RESEARCH OBJECTIVE: To present a fundamental problem in European culture and civilization. It is a matter of answering the question regarding the relationship between the polis and the world of values.
THE RESEARCH PROBLEM AND METHODS: The modern world, or postmodernity, gives the impression of total chaos. It is chaos within the sphere of principles governing human cooperation, within the sphere of values. It is there that two nonidentical and centuriesold traditions of thought collide. The article presents dilemmas stemming from this situation.
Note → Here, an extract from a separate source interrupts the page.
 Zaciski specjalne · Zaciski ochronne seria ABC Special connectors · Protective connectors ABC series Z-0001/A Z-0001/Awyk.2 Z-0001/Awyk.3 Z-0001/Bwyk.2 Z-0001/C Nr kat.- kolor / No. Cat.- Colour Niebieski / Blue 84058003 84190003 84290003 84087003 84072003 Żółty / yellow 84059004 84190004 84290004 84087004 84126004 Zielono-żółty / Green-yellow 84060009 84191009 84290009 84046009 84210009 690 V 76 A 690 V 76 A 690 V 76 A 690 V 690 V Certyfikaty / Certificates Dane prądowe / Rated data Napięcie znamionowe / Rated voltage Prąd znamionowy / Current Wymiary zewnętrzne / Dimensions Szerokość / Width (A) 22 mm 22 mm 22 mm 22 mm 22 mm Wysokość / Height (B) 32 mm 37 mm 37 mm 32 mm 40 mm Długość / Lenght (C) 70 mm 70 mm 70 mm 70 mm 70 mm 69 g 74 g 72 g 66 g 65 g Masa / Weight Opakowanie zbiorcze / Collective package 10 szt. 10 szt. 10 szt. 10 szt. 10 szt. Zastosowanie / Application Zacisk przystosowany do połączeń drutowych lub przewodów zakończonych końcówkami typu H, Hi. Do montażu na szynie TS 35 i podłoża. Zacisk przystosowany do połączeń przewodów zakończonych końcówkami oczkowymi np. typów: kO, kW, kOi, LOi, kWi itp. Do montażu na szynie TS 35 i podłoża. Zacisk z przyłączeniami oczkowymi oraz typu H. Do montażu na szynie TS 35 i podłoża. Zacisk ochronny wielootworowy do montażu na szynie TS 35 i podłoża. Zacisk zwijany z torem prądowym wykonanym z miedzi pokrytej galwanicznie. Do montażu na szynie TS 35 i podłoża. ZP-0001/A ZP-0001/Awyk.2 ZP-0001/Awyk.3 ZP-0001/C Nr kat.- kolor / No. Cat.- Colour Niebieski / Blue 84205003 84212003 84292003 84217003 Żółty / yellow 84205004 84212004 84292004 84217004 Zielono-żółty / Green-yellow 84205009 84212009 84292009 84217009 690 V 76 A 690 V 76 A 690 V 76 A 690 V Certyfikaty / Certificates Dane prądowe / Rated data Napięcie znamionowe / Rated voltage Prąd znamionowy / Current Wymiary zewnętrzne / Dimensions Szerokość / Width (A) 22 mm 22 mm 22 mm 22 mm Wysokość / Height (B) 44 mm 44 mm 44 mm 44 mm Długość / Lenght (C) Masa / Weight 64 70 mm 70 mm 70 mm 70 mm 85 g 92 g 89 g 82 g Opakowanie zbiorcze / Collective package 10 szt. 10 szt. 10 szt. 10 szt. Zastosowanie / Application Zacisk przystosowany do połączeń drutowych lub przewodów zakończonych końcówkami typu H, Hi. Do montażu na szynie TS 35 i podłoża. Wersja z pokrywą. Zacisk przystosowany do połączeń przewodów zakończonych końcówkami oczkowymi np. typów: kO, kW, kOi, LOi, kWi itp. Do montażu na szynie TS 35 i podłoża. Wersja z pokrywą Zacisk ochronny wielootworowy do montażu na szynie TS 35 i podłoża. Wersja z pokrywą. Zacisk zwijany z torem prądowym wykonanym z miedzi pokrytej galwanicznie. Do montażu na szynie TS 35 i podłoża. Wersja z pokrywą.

THE PROCESS OF ARGUMENTATION: It is necessary to frame the problem within the context of the history of ideas. Socrates laid the foundation for the “spirit” of Europe. His position was expressed in the philosophy of Plato and Aristotle. The world of values exists objectively. At the dawn of modernity, with Descartes’ thought, the starting point for thinking about the principles of collective life is the Self. This position is developed in the thought of Hobbes and Locke – liberal thought. This position is criticized by Rousseau and Kant. Their opposition will also create the premises for thinking in totalitarian categories (Marx).
RESEARCH RESULTS: Modern reflection on the world of values within the sphere of the polis is a return to Locke’s thought; a commonsense apology of liberalism.
CONCLUSIONS, INNOVATIONS, AND RECOMMENDATIONS: The position presented in this article indicates that in discussions on modern culture’s axiological chaos, it is necessary to frame the problem against the back‑ drop of a broadly-understood spectrum of ideas. The goal is to create awareness that though this “breakthrough” of modernity and “spirit” of Enlightenment played an essential role in scientific progress, their initialization of thought in the categories of the autonomous and sovereign individual simultaneously created premises leading to the individual being left alone; becoming stuck in a world of nothingness.